Однако на этот раз исключение оказалось совершенно иным, качественно отличным от исключения 1887 г. Можно сказать, что эти два события отличались друг от друга, как детство отличается от юности. Детской наивности и неосознанной импульсивности поступков в поведении К. Раковского уже не было. Напротив, он прекрасно осознавал что делает и к каким последствиям это может привести.
Очень показательно письмо Раковского к родителям по поводу его исключения в 1890 г. из габровской гимназии. Оно четко иллюстрирует направленность эмоционального и политического становления личности автора. Раковский точно знал теперь, что его деятельность не может быть одобрена реакционным руководством гимназии. Однако он считал себя правым даже после окончательного исключения, уже без права восстановления в каком бы то ни было болгарском учебном заведении. Он пишет родителям, чтобы объяснить свою позицию и доказать, что имеет право на их прощение и уважение: «Я исключен из всех училищ княжества Болгарии… но это ничего не стоит. Я уже не мог учиться в Болгарии… я не виновен. Я не виновен, говорю вам, – исключен, как и другие до меня, и как те, кто будет исключен после».[25] Цитата, приведенная Л. Чакаловой, показывает Раковского только как извиняющегося мальчика. В архиве мы нашли это письмо, которое представляет совсем другую сущность Раковского. Он писал: «У Болгарии и его правительства я не буду просить извинения и этим горжусь, т[ак] к[ак] я не виновен… Оценки мои хорошие, но они не значат ничего: я уже не могу и не хочу учиться в Болгарии… меня исключили, как и многих других до меня только из-за капризов директора… Я нравственен и это говорю с гордостью, т[ак] к[ак] настоящая нравственность состоит не в том, чтобы быть покорным рабом учителей и всех, кому захочется… Я человек! И я горжусь этим, и мое будущее это покажет!»[26] Это письмо достаточно ярко свидетельствует о зрелости 17-летнего юноши.

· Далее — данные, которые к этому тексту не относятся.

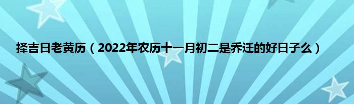 大家好,综合小编来为大家讲解下。择吉日老黄历,2022年农历十一月初二是乔迁的好日子么这个很多人还不知道,现在让我们一起来看看吧!
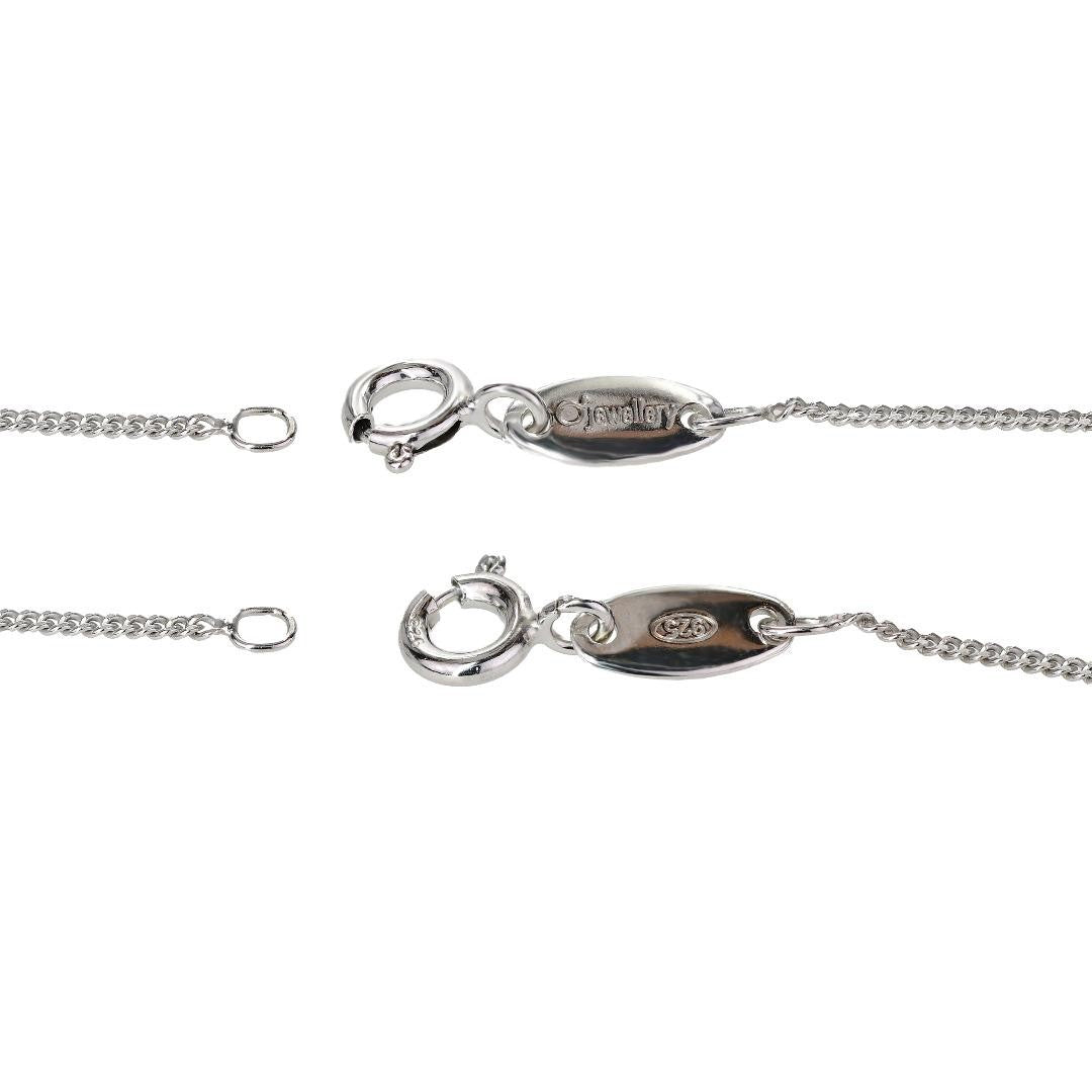 It is supplied on a 18 inch sterling silver chain. Both the pendant and chain are finished with a commercial grade rhodium plate to give a high quality shine finish.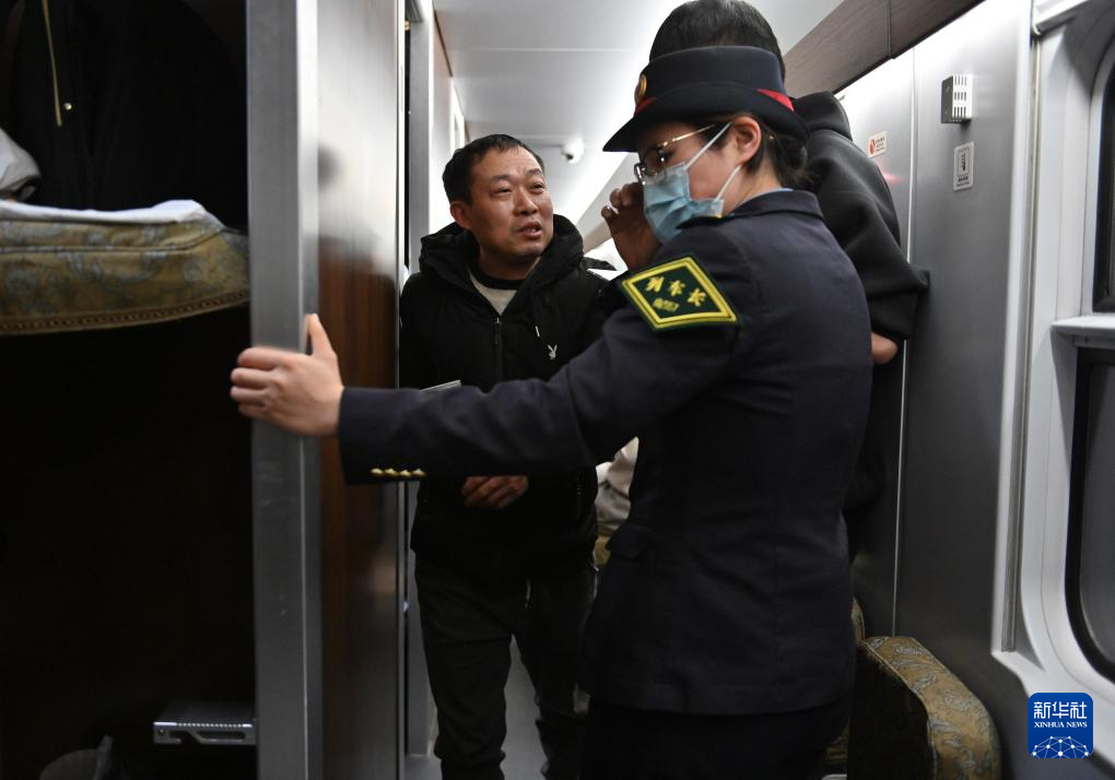 2月3日,在D59次列车上,列车长李俐含(前)刚刚调解完旅客之间的小摩擦,一名旅客上前表示赞赏。新华社记者 宋为伟 摄

Не получив официального среднего образования, он осенью 1890 г. отправился в Швейцарию, рассчитывая, что его знаний будет достаточно, чтобы выдержать вступительные экзамены на медицинский факультет Женевского университета. Стремление стать врачом определялось не только желанием оказывать непосредственную помощь людям. Медицина рассматривалась радикальной молодежью и как средство самовоспитания, преодоления трудностей, и как своего рода социальная дисциплина, призванная умственно и нравственно закалить человека, привить ему навык общественной деятельности и даже навыки самопожертвования.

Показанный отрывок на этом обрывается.